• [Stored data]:
************
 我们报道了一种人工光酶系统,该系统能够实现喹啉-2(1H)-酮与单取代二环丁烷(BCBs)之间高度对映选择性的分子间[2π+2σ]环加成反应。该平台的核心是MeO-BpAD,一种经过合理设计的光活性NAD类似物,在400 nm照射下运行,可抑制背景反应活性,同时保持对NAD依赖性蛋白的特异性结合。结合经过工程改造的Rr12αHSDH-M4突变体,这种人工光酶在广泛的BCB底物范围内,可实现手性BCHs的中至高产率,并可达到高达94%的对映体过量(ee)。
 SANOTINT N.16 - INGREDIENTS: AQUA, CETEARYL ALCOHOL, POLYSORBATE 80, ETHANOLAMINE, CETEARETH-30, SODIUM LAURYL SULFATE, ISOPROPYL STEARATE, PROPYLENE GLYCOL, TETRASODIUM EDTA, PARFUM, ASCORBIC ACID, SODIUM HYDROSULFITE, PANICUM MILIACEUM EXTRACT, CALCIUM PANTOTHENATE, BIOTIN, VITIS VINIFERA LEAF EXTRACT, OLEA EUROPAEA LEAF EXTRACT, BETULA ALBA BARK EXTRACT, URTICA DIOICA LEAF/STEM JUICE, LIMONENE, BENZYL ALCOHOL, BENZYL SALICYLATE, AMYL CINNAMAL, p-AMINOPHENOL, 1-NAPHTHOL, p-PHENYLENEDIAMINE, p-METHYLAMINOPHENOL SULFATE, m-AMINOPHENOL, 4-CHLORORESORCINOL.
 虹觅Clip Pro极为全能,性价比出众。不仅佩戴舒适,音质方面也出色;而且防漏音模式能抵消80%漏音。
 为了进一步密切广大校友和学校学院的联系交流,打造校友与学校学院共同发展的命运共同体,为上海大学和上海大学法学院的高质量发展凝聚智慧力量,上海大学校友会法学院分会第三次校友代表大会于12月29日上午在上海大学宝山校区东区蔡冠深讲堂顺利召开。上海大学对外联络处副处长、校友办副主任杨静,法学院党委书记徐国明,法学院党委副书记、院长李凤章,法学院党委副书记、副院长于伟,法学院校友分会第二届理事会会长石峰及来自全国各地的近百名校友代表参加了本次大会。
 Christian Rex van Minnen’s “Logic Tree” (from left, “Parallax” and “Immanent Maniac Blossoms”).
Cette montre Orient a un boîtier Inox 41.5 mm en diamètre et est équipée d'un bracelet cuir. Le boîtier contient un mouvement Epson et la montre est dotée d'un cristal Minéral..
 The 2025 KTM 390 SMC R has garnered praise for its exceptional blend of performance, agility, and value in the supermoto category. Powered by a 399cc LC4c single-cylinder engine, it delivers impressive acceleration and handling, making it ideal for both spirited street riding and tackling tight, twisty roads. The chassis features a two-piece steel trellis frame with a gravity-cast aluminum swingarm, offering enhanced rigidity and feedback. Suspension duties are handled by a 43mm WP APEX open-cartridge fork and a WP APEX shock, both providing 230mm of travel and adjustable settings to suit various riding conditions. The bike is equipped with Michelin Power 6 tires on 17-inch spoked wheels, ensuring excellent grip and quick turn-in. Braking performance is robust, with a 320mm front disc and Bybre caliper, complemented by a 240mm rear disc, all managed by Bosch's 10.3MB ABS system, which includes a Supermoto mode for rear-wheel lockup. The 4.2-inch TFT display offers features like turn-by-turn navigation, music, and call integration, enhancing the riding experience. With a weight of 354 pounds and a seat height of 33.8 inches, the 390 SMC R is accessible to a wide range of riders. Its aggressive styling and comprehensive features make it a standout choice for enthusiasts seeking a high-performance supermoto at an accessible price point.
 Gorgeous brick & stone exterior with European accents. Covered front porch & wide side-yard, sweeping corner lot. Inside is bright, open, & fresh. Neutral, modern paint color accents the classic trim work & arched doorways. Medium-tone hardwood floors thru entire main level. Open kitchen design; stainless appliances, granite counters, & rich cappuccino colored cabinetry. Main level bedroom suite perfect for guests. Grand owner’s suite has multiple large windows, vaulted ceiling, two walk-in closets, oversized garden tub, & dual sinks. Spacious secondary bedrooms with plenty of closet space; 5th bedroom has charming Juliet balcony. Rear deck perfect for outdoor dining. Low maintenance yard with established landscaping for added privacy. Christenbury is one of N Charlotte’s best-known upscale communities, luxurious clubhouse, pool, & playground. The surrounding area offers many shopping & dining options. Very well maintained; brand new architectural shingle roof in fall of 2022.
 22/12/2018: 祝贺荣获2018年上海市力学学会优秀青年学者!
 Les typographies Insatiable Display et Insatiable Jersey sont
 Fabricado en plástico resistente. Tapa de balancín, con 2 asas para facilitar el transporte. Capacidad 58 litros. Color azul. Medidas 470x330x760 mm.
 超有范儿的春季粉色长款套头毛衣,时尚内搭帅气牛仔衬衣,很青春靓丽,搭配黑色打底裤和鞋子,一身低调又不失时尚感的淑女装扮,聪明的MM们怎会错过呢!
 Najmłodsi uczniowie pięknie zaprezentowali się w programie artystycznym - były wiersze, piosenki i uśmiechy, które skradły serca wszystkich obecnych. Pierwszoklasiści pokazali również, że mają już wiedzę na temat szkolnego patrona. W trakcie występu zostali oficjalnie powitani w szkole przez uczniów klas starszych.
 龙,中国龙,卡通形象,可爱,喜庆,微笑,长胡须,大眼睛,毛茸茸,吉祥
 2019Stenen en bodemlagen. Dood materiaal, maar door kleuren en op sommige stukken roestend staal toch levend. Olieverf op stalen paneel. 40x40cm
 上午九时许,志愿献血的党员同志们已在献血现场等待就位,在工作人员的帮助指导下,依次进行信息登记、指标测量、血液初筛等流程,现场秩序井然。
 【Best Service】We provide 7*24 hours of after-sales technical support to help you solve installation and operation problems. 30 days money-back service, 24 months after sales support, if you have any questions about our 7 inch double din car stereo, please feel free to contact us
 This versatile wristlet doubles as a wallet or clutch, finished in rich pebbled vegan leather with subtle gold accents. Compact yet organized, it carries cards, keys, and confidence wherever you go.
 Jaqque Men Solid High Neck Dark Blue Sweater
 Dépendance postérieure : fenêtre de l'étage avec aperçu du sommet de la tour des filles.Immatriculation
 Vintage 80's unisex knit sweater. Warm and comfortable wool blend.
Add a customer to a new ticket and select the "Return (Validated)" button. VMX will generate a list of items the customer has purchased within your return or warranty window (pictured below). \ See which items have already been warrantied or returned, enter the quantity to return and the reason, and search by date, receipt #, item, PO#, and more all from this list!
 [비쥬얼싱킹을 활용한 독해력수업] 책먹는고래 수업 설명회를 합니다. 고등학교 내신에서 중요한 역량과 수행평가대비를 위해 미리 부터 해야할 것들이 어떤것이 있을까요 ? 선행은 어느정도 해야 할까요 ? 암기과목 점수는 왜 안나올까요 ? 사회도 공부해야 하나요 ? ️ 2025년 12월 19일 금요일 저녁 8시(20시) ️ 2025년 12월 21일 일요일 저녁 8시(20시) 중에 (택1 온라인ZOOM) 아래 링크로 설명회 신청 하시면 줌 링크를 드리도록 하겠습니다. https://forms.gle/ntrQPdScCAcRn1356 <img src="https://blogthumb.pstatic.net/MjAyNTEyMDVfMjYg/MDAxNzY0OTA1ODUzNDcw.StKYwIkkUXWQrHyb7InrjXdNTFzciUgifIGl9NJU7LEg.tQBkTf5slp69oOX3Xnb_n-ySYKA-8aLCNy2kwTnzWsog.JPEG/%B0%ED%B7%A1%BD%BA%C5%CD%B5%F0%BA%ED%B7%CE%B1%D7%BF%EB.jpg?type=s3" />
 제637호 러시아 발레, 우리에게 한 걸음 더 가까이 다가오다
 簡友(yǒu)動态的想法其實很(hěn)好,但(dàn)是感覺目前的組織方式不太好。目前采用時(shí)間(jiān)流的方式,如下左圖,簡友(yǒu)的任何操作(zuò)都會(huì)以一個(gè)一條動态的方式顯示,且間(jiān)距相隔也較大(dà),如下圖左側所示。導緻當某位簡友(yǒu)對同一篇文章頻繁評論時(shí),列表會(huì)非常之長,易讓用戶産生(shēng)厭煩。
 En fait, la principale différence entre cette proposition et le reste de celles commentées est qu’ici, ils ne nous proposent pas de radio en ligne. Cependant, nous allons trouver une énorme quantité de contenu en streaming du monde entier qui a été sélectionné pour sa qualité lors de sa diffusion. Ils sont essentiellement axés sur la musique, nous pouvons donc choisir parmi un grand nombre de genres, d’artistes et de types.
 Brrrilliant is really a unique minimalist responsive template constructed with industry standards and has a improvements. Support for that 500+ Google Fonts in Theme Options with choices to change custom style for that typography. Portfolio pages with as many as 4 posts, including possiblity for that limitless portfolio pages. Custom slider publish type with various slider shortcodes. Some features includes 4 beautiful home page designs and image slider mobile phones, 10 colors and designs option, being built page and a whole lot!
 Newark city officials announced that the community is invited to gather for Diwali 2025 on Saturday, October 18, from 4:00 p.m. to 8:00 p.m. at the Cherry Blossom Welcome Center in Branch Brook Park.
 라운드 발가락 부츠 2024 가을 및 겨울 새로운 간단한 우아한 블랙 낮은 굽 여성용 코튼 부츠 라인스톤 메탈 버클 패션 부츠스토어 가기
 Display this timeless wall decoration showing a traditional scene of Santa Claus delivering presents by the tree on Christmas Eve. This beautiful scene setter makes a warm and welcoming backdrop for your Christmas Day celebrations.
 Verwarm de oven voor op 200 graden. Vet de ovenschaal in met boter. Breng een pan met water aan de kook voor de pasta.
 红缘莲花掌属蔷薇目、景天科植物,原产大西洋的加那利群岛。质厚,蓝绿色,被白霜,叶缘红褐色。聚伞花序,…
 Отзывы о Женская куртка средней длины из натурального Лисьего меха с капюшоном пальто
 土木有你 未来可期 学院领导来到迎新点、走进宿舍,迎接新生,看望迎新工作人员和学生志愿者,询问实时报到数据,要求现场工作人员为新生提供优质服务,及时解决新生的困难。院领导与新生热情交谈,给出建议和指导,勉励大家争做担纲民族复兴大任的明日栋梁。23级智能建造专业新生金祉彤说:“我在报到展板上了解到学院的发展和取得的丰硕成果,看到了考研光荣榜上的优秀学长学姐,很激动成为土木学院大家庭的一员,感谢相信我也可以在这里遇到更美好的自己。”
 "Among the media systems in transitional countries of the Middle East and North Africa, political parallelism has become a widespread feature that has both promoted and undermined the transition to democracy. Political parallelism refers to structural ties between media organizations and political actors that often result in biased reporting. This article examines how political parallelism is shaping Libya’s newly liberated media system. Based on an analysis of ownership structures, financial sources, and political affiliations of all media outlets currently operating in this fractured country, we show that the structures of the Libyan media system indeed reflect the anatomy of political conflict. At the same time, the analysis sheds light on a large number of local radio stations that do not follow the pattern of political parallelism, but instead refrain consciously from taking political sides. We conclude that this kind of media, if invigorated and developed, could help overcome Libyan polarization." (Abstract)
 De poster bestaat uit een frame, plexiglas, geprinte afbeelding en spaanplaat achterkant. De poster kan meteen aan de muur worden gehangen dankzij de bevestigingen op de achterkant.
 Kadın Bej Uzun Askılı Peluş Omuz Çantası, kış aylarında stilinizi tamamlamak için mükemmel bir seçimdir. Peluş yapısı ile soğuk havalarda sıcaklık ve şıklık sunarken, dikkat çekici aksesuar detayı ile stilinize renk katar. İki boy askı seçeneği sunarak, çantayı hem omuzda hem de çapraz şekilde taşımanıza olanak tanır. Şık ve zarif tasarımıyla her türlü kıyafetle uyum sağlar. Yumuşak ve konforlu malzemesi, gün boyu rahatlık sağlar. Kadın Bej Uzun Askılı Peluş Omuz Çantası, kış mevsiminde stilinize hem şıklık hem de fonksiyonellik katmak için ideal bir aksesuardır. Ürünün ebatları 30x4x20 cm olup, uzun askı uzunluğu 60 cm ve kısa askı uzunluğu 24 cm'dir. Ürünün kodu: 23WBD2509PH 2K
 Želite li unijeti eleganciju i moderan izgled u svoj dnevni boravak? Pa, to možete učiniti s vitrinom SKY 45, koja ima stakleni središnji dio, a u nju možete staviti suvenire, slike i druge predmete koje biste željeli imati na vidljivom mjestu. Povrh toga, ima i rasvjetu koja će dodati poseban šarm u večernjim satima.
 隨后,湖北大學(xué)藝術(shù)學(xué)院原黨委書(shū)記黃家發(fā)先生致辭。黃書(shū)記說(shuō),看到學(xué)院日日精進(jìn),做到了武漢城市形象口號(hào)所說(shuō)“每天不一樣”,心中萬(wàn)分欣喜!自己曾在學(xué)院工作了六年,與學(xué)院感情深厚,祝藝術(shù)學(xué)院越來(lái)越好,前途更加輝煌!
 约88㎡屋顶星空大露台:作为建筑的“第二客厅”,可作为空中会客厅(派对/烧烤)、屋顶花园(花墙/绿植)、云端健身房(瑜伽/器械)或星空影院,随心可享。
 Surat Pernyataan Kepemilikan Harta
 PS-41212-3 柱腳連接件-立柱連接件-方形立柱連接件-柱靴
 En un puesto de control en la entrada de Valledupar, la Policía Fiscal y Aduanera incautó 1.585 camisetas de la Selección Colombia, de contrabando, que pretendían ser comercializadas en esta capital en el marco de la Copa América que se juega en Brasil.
************
• [Try it]: Of the lines above, output exactly those from the line bearing "Display this timeless" through the line bearing "Verwarm de oven", inclusive.

• [Response to the task]:
 Display this timeless wall decoration showing a traditional scene of Santa Claus delivering presents by the tree on Christmas Eve. This beautiful scene setter makes a warm and welcoming backdrop for your Christmas Day celebrations.
 Verwarm de oven voor op 200 graden. Vet de ovenschaal in met boter. Breng een pan met water aan de kook voor de pasta.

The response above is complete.